-------- Available data

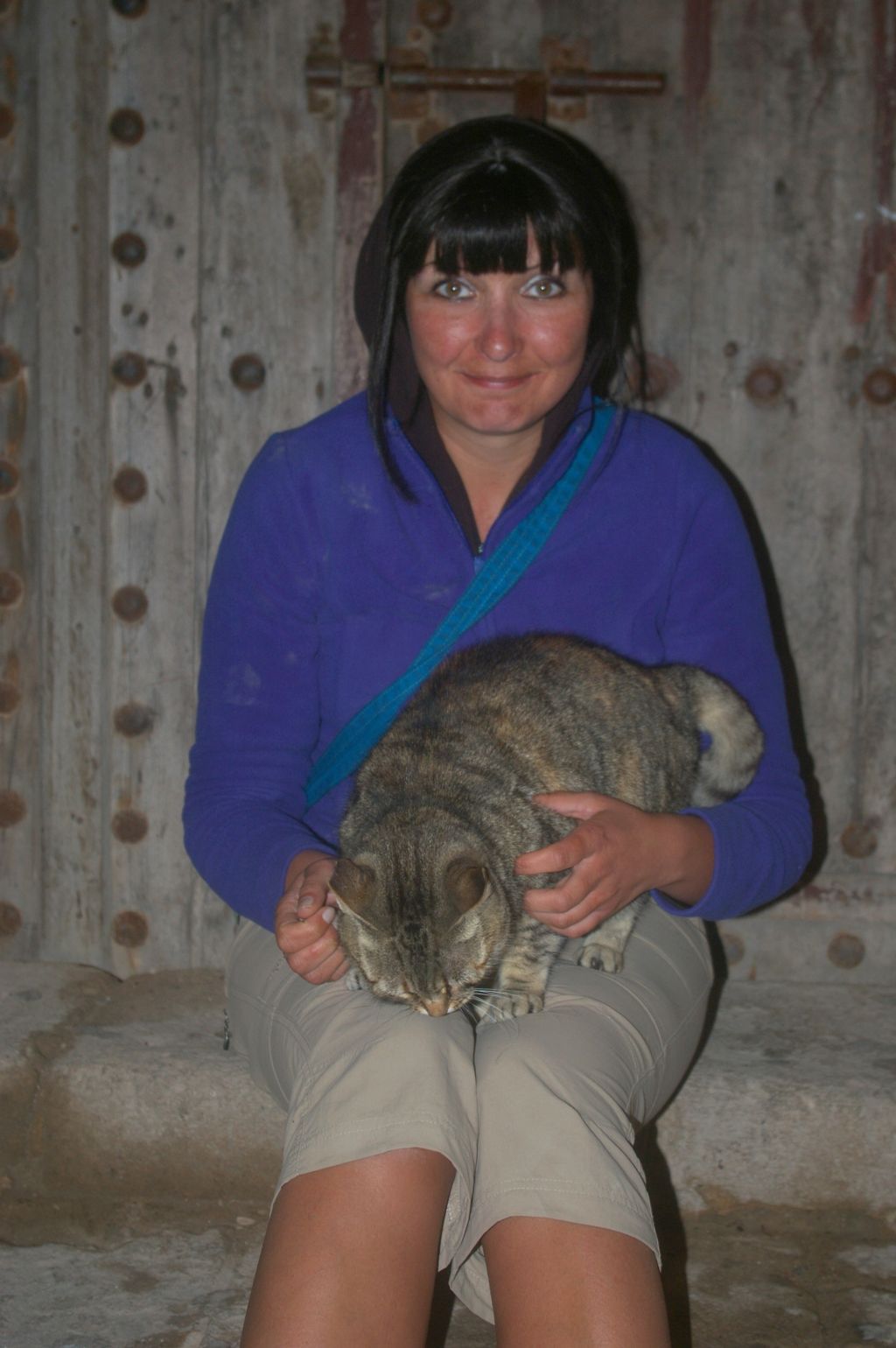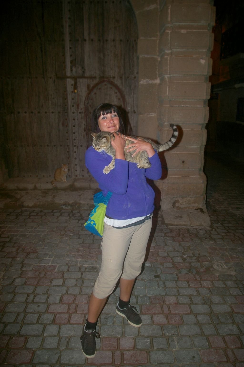 W drodze powrotnej bawiłam się z takim wielkim, wypasionym kotem. Koty tutaj są mocno wykarmione i łaszą się. Posiedzieliśmy z kotami w bramie, pobawiliśmy się robieniem zdjęć w niekorzystnych warunkach, bez statywu. Wyjątkowo klimatyczna nasza uliczka nocą jest. Dobrze oświetlona i wszystko w kolorze piaskowca. Chciałam zabrać kota do pokoju, ale Artur nie chciał :(
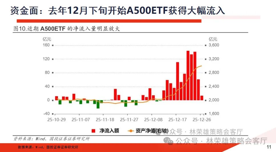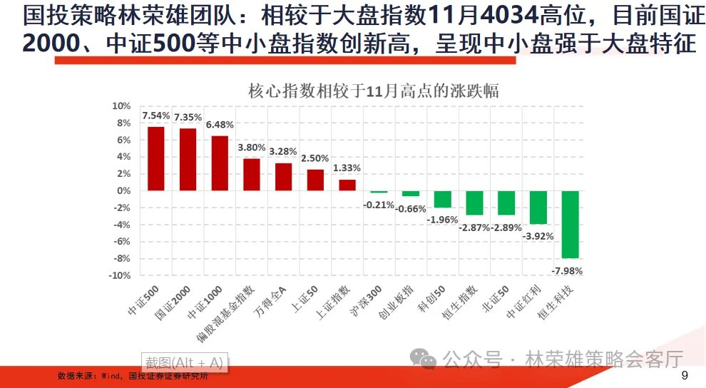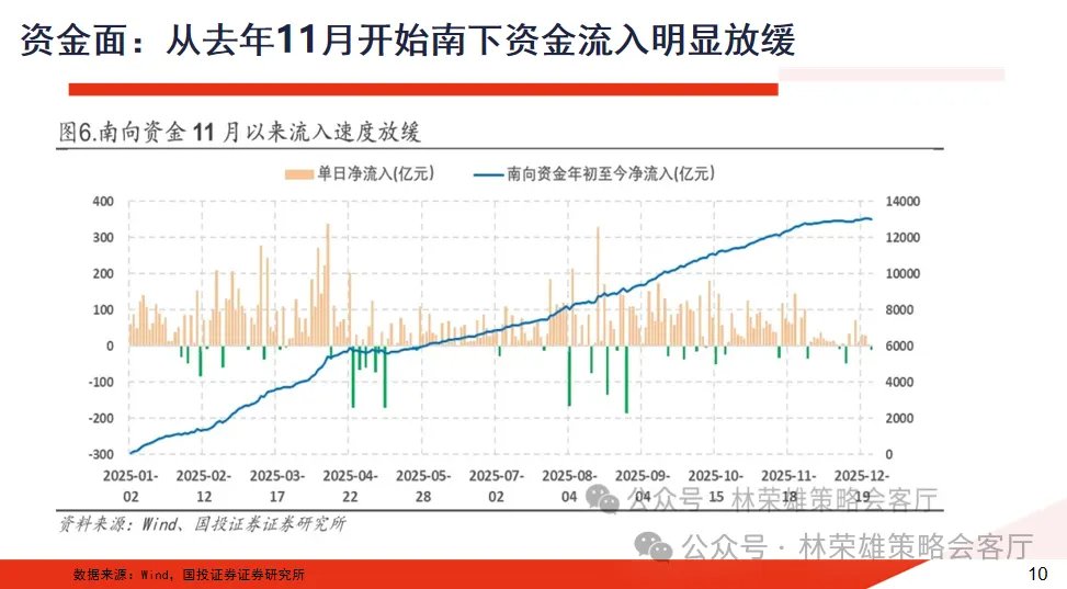2、同时,可以看到,在“八仙过海”中我们依稀可以分辨出资金正在作积极调仓:1、量化资金和ETF资金涌入支撑期间最强的国证2000指数和中证500指数;2、南下资金在去年11月之后大幅减弱,在12月甚至出现流出,北向资金则呈现交易活跃度获得一定上升;3、银行股持续疲弱,而非银中保险在深度重估;4、科技内部从此前缩圈抱团核心产业趋势强基本面保障品种再次适当扩圈,追逐商业航天和AI应用等下游品种;5、出海+全球定价资源品(有色、化工、工程机械、电力设备)则存在稳定资金持续流入。
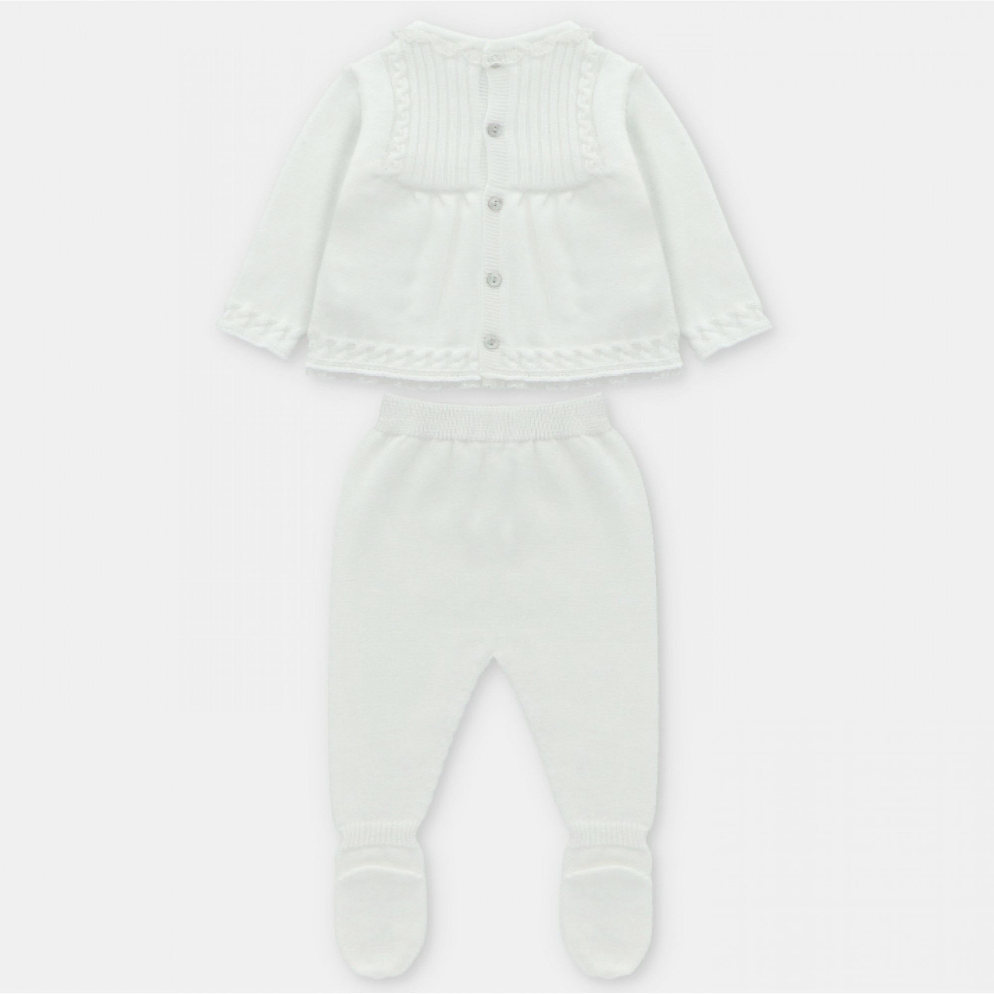 - Conjunto de punto compuesto por jersey y polaina en color blanco roto.
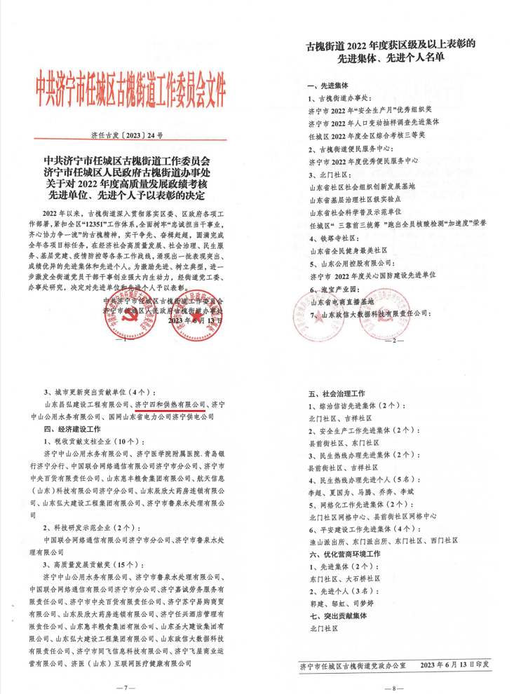 濟寧四和供熱有限公司榮獲古槐街道 2022年度“城市建設(shè)突出貢獻單位”表彰
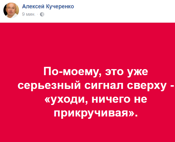 "По-моему, это уже серьезный сигнал сверху - "уходи, ничего не прикручивая"", - считает экс-министр Алексей Кучеренко.
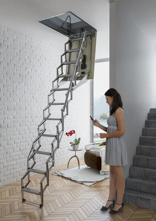 Die gesamte Struktur wird sich leicht zersetzen und einsatzbereit sein. Attische Treppen sind selten mit einem elektrischen Antrieb ausgestattet, der durch den Einsatz einer Fernbedienung gesteuert wird.
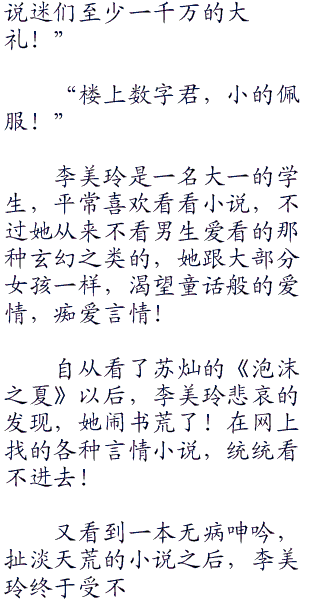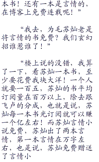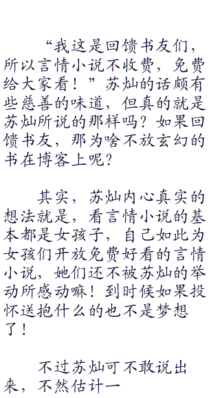“苏灿,你为什么一直将言情小说放在博客里让大家免费看呢?”青花疑惑的问道。
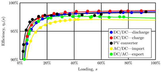 Furthermore, the PECs in previous comparisons on AC and DC building distribution, e.g., [31,32], are typically modelled with constant efficiencies and thus neglect the load dependency, which is paramount for a fair comparison, as highlighted in [16]. Other examples are studies using a range of fixed efficiencies; in [32] the distribution converter, efficiency is modelled in the range 90–95%, and the load-side converter at 85–95%. In [8], the inverter efficiency is set between 85 and 99% and the DC/DC converter between 80 and 90%. As highlighted in [33], the converters strongly influence the system’s performance. Similarly, the battery’s characteristic is often modelled with a constant-round-trip efficiency, e.g., [8,13], which neglects the dynamics in actual operation.
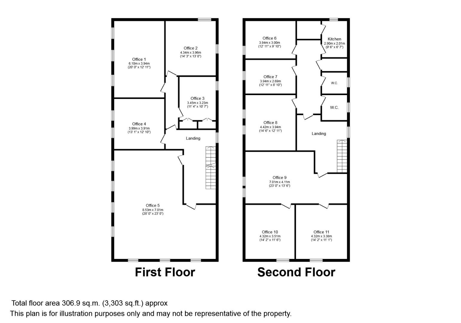 Featuring its own entrance off Market Street the building has a total of eleven offices spread over two floors with two toilets and a shared kitchen.
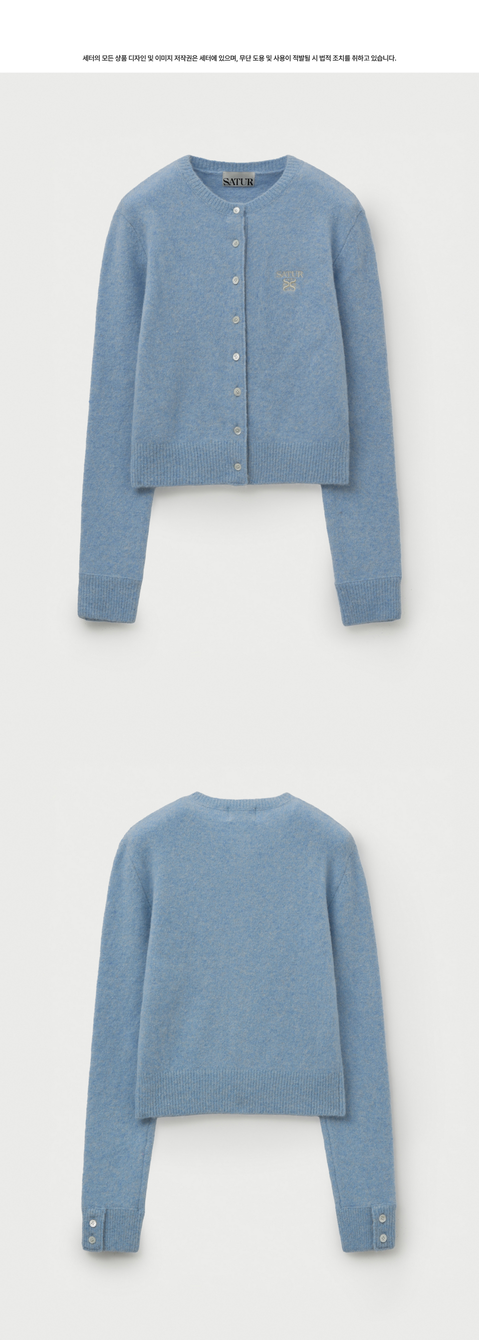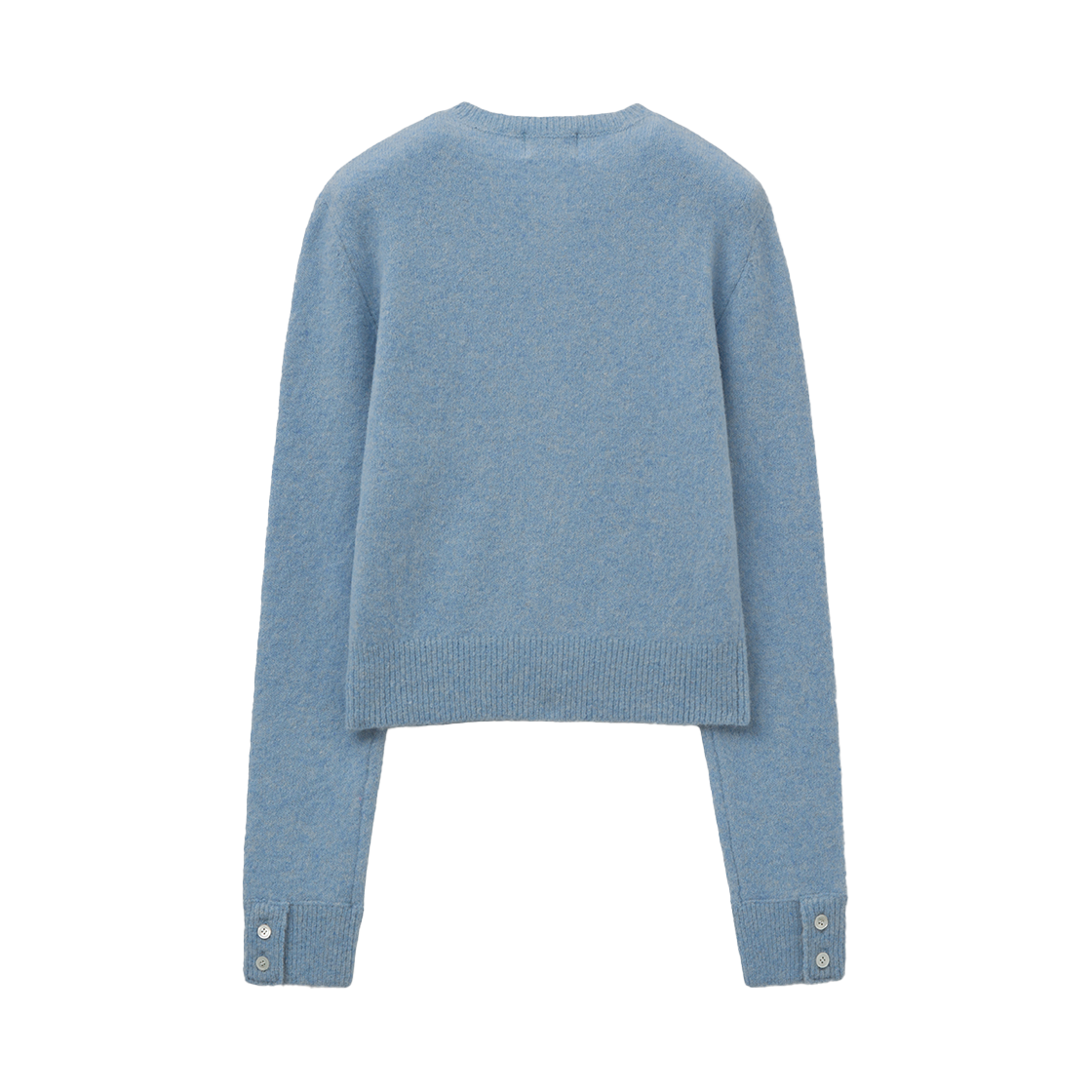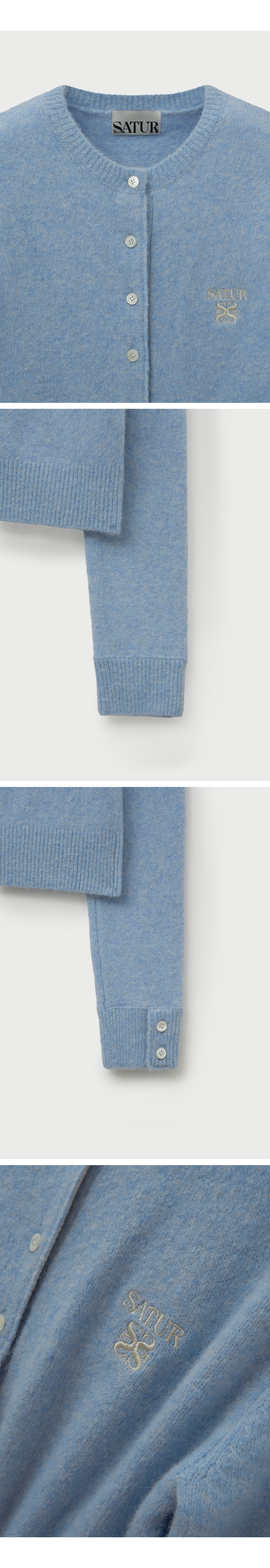 SATUR W Loren Wool Blend Crew Neck Knit Cardigan Sky Blue
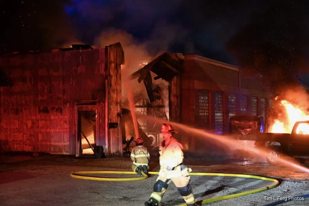 Centralia City Firefighters say the fire was discovered by Trevor Henson who was in the process of moving into the apartment. He found the fire inside the warehouse. Henson tried to fight the fire was a hose, but the fire spread rapidly and the building along with a pickup truck and a trailer parked outside were fully engulfed when firefighters arrived on the scene. The building contained vehicles and several accelerants.
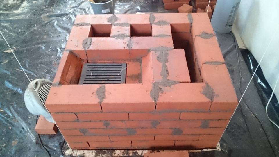 Кладка печи проводится по установленному алгоритму. Процесс выглядит следующим образом:

----------------

## Exercise instructions
Write the entries above out again exactly, but not the pictures.

## The answer
 W drodze powrotnej bawiłam się z takim wielkim, wypasionym kotem. Koty tutaj są mocno wykarmione i łaszą się. Posiedzieliśmy z kotami w bramie, pobawiliśmy się robieniem zdjęć w niekorzystnych warunkach, bez statywu. Wyjątkowo klimatyczna nasza uliczka nocą jest. Dobrze oświetlona i wszystko w kolorze piaskowca. Chciałam zabrać kota do pokoju, ale Artur nie chciał :(
2、同时,可以看到,在“八仙过海”中我们依稀可以分辨出资金正在作积极调仓:1、量化资金和ETF资金涌入支撑期间最强的国证2000指数和中证500指数;2、南下资金在去年11月之后大幅减弱,在12月甚至出现流出,北向资金则呈现交易活跃度获得一定上升;3、银行股持续疲弱,而非银中保险在深度重估;4、科技内部从此前缩圈抱团核心产业趋势强基本面保障品种再次适当扩圈,追逐商业航天和AI应用等下游品种;5、出海+全球定价资源品(有色、化工、工程机械、电力设备)则存在稳定资金持续流入。
 - Conjunto de punto compuesto por jersey y polaina en color blanco roto.
 濟寧四和供熱有限公司榮獲古槐街道 2022年度“城市建設(shè)突出貢獻單位”表彰
 "По-моему, это уже серьезный сигнал сверху - "уходи, ничего не прикручивая"", - считает экс-министр Алексей Кучеренко.
 Die gesamte Struktur wird sich leicht zersetzen und einsatzbereit sein. Attische Treppen sind selten mit einem elektrischen Antrieb ausgestattet, der durch den Einsatz einer Fernbedienung gesteuert wird.
“苏灿,你为什么一直将言情小说放在博客里让大家免费看呢?”青花疑惑的问道。
 Furthermore, the PECs in previous comparisons on AC and DC building distribution, e.g., [31,32], are typically modelled with constant efficiencies and thus neglect the load dependency, which is paramount for a fair comparison, as highlighted in [16]. Other examples are studies using a range of fixed efficiencies; in [32] the distribution converter, efficiency is modelled in the range 90–95%, and the load-side converter at 85–95%. In [8], the inverter efficiency is set between 85 and 99% and the DC/DC converter between 80 and 90%. As highlighted in [33], the converters strongly influence the system’s performance. Similarly, the battery’s characteristic is often modelled with a constant-round-trip efficiency, e.g., [8,13], which neglects the dynamics in actual operation.
 Featuring its own entrance off Market Street the building has a total of eleven offices spread over two floors with two toilets and a shared kitchen.
 SATUR W Loren Wool Blend Crew Neck Knit Cardigan Sky Blue
 Centralia City Firefighters say the fire was discovered by Trevor Henson who was in the process of moving into the apartment. He found the fire inside the warehouse. Henson tried to fight the fire was a hose, but the fire spread rapidly and the building along with a pickup truck and a trailer parked outside were fully engulfed when firefighters arrived on the scene. The building contained vehicles and several accelerants.
 Кладка печи проводится по установленному алгоритму. Процесс выглядит следующим образом:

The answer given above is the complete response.